The entries that follow include a run beginning at the line with "5月8日,由中共山东省委教育" and ending at the line with "586 cover image1857/1960ca.: Interesting"; restate that run word for word and leave the rest out.

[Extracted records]
Content starts
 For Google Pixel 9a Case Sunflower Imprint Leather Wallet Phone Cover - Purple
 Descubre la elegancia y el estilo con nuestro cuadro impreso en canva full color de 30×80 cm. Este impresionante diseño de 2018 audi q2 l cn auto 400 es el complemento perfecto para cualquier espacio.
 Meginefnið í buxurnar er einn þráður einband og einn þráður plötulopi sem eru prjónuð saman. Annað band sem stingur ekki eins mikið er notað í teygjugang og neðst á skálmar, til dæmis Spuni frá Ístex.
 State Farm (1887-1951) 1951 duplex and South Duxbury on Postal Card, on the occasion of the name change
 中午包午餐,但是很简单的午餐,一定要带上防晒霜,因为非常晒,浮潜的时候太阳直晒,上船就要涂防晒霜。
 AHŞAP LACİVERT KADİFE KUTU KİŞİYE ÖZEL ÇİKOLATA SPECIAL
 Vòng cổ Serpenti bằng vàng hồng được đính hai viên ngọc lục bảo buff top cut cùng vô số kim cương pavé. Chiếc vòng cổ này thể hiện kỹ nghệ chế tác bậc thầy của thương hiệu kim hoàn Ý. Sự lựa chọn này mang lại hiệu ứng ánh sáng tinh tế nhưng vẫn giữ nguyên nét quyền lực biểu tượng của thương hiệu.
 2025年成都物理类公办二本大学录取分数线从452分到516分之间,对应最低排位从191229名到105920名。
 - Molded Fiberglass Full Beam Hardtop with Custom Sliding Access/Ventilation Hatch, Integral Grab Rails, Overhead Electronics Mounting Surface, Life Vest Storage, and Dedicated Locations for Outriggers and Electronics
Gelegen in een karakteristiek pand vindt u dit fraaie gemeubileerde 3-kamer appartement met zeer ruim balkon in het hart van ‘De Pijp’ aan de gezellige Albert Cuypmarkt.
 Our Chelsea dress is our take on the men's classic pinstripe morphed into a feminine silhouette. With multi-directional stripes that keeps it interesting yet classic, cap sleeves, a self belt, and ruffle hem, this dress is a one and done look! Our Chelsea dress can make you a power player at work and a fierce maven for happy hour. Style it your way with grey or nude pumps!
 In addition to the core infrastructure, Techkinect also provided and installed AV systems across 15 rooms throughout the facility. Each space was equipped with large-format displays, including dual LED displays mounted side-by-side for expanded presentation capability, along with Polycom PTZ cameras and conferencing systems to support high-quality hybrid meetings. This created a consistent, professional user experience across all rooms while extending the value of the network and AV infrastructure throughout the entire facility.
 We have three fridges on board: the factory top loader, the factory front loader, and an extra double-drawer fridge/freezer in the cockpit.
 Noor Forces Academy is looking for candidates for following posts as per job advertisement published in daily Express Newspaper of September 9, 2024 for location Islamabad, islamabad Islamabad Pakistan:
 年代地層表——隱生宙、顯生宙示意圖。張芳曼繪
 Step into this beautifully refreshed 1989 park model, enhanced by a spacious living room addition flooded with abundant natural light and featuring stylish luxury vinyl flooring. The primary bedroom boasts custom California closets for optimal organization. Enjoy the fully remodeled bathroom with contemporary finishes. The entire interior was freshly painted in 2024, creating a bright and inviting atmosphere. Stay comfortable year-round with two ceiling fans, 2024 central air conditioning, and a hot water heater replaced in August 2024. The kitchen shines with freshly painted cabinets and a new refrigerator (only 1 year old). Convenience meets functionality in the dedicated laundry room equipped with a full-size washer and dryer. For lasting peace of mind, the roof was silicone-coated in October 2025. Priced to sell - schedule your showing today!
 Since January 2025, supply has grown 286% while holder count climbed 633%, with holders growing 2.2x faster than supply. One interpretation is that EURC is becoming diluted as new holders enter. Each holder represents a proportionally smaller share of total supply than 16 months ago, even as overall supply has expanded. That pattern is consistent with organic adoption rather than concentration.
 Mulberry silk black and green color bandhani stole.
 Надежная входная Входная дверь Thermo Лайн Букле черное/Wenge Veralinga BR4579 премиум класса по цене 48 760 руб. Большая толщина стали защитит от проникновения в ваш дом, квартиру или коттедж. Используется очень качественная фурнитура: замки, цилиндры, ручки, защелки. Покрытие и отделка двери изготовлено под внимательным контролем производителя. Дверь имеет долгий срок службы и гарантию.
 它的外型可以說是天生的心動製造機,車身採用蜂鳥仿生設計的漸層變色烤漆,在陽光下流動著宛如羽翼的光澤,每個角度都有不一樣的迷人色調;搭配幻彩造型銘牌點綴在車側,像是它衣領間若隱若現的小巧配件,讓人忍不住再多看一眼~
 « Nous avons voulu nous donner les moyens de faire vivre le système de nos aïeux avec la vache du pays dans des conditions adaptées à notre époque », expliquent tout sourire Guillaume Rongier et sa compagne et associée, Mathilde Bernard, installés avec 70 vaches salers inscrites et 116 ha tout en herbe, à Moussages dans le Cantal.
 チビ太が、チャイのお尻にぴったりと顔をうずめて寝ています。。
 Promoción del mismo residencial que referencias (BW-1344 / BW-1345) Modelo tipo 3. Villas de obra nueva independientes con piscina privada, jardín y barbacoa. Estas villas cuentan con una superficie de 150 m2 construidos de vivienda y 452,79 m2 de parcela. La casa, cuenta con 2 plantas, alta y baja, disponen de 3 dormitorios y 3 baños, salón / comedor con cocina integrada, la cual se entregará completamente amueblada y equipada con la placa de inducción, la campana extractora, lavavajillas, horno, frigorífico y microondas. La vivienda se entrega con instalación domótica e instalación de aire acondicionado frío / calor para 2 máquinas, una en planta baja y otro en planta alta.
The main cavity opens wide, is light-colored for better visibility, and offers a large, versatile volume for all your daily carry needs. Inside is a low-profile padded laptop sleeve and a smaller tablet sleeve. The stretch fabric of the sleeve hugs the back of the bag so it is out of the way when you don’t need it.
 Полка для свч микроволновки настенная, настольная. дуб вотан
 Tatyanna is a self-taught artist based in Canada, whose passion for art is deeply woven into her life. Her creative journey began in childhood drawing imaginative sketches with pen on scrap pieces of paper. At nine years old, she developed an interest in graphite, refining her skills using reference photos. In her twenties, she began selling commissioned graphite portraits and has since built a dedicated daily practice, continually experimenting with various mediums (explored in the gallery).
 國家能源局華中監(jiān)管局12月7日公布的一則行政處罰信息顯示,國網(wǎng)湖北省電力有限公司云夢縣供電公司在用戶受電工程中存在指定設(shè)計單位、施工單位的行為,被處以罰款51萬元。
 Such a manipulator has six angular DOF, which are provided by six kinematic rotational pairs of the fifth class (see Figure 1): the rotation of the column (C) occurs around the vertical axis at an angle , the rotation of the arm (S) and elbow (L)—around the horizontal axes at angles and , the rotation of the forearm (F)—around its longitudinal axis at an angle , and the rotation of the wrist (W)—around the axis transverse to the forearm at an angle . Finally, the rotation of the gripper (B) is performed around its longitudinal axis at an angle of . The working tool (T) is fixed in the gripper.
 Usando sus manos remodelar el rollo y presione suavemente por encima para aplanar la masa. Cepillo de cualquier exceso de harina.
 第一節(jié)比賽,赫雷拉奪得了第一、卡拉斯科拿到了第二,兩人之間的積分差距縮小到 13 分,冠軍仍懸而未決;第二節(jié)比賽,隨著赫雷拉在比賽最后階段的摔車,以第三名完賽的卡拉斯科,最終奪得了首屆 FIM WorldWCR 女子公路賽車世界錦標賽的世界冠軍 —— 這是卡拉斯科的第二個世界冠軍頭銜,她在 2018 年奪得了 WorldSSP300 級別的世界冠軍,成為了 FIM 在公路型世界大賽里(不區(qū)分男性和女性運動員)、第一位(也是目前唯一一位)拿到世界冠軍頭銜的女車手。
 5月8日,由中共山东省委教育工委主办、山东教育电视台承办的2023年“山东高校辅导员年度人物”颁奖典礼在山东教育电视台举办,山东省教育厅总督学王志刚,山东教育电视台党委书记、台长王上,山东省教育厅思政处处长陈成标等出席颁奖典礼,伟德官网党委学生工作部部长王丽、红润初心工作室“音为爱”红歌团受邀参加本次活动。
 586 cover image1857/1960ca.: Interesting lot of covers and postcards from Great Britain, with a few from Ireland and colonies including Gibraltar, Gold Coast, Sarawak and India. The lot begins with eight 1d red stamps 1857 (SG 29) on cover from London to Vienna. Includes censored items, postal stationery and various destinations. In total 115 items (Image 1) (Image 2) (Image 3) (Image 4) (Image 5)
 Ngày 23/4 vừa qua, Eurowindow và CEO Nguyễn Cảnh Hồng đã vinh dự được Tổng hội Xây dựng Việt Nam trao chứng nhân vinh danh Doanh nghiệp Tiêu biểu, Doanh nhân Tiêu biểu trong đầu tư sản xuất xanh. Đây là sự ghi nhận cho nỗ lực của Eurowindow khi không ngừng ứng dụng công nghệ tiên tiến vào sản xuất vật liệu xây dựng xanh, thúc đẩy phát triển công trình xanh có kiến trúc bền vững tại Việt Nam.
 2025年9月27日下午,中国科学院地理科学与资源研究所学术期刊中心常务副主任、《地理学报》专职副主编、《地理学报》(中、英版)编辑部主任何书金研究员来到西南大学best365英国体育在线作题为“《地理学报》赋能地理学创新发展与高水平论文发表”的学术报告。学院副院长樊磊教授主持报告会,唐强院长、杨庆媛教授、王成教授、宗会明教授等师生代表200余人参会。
Content ends
**Answer section:**
 5月8日,由中共山东省委教育工委主办、山东教育电视台承办的2023年“山东高校辅导员年度人物”颁奖典礼在山东教育电视台举办,山东省教育厅总督学王志刚,山东教育电视台党委书记、台长王上,山东省教育厅思政处处长陈成标等出席颁奖典礼,伟德官网党委学生工作部部长王丽、红润初心工作室“音为爱”红歌团受邀参加本次活动。
 586 cover image1857/1960ca.: Interesting lot of covers and postcards from Great Britain, with a few from Ireland and colonies including Gibraltar, Gold Coast, Sarawak and India. The lot begins with eight 1d red stamps 1857 (SG 29) on cover from London to Vienna. Includes censored items, postal stationery and various destinations. In total 115 items (Image 1) (Image 2) (Image 3) (Image 4) (Image 5)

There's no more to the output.